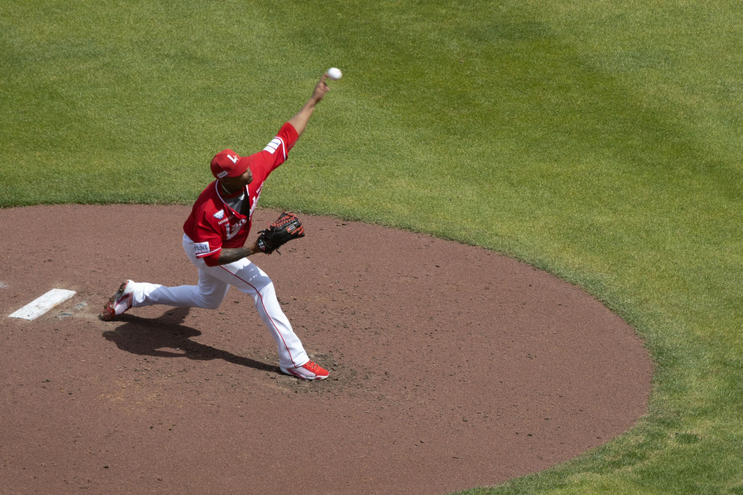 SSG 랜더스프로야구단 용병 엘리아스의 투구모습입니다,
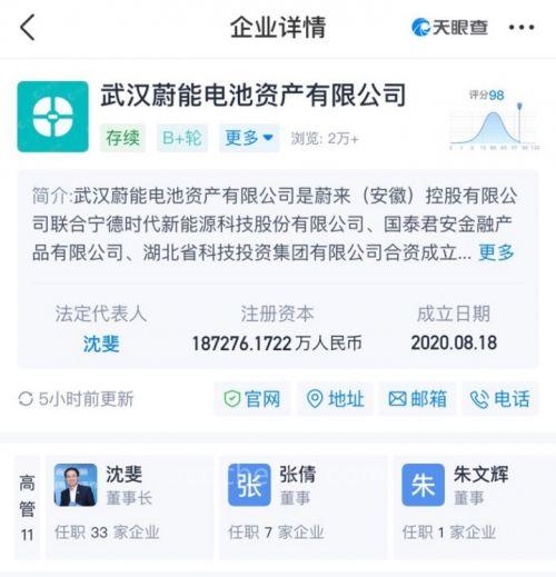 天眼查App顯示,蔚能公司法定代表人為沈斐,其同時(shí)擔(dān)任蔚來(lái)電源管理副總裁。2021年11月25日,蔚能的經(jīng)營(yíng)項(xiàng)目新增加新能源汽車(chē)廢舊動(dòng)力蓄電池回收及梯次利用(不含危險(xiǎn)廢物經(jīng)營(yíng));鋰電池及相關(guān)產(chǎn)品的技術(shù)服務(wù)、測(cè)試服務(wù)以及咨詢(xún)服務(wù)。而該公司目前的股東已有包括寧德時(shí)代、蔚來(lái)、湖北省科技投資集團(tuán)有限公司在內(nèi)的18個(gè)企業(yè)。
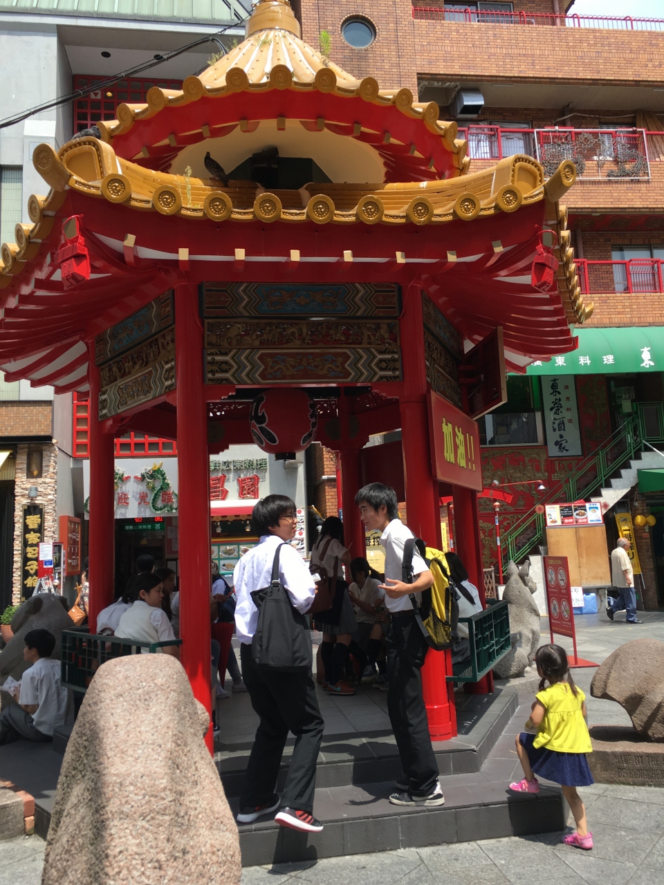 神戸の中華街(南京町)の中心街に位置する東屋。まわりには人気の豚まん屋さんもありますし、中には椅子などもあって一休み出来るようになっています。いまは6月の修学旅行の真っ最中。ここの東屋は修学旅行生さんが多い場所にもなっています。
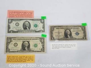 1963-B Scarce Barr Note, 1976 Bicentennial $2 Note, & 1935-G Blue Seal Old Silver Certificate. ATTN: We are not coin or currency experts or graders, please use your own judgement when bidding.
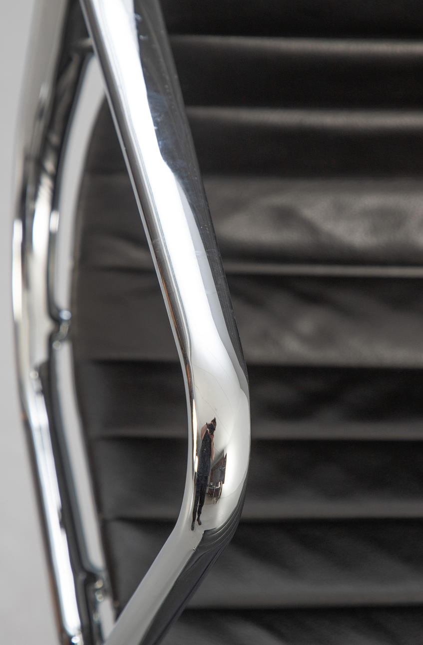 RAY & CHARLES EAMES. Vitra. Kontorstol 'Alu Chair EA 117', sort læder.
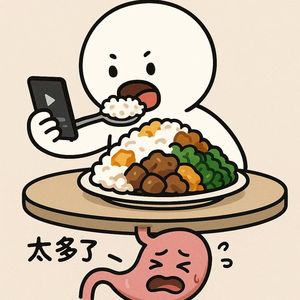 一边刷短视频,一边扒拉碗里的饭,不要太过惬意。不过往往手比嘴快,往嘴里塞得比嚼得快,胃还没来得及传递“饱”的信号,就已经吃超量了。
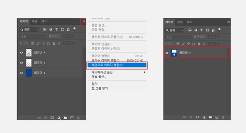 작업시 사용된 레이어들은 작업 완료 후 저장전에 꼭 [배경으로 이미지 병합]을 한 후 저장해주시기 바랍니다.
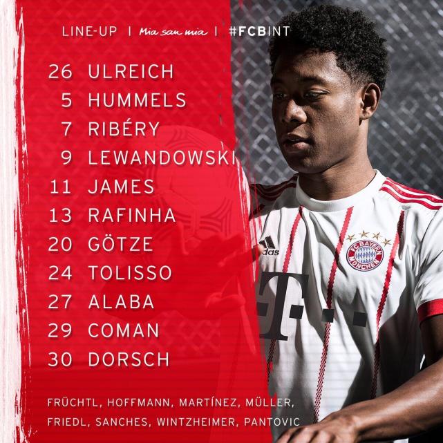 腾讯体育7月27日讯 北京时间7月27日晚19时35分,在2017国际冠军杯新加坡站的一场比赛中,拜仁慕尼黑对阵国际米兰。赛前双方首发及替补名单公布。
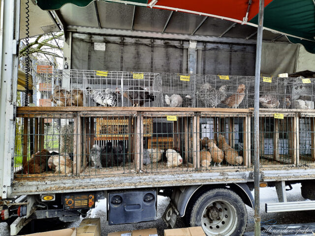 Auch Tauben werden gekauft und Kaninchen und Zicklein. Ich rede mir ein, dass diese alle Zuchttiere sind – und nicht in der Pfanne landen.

* [Assigned task]: Verbatim copy, pictures excluded: output the lines from the first line of the records above through the line containing "神戸の中華街(南京町)の中心".

* [Result for this exercise]:
 SSG 랜더스프로야구단 용병 엘리아스의 투구모습입니다,
 天眼查App顯示,蔚能公司法定代表人為沈斐,其同時(shí)擔(dān)任蔚來(lái)電源管理副總裁。2021年11月25日,蔚能的經(jīng)營(yíng)項(xiàng)目新增加新能源汽車(chē)廢舊動(dòng)力蓄電池回收及梯次利用(不含危險(xiǎn)廢物經(jīng)營(yíng));鋰電池及相關(guān)產(chǎn)品的技術(shù)服務(wù)、測(cè)試服務(wù)以及咨詢(xún)服務(wù)。而該公司目前的股東已有包括寧德時(shí)代、蔚來(lái)、湖北省科技投資集團(tuán)有限公司在內(nèi)的18個(gè)企業(yè)。
 神戸の中華街(南京町)の中心街に位置する東屋。まわりには人気の豚まん屋さんもありますし、中には椅子などもあって一休み出来るようになっています。いまは6月の修学旅行の真っ最中。ここの東屋は修学旅行生さんが多い場所にもなっています。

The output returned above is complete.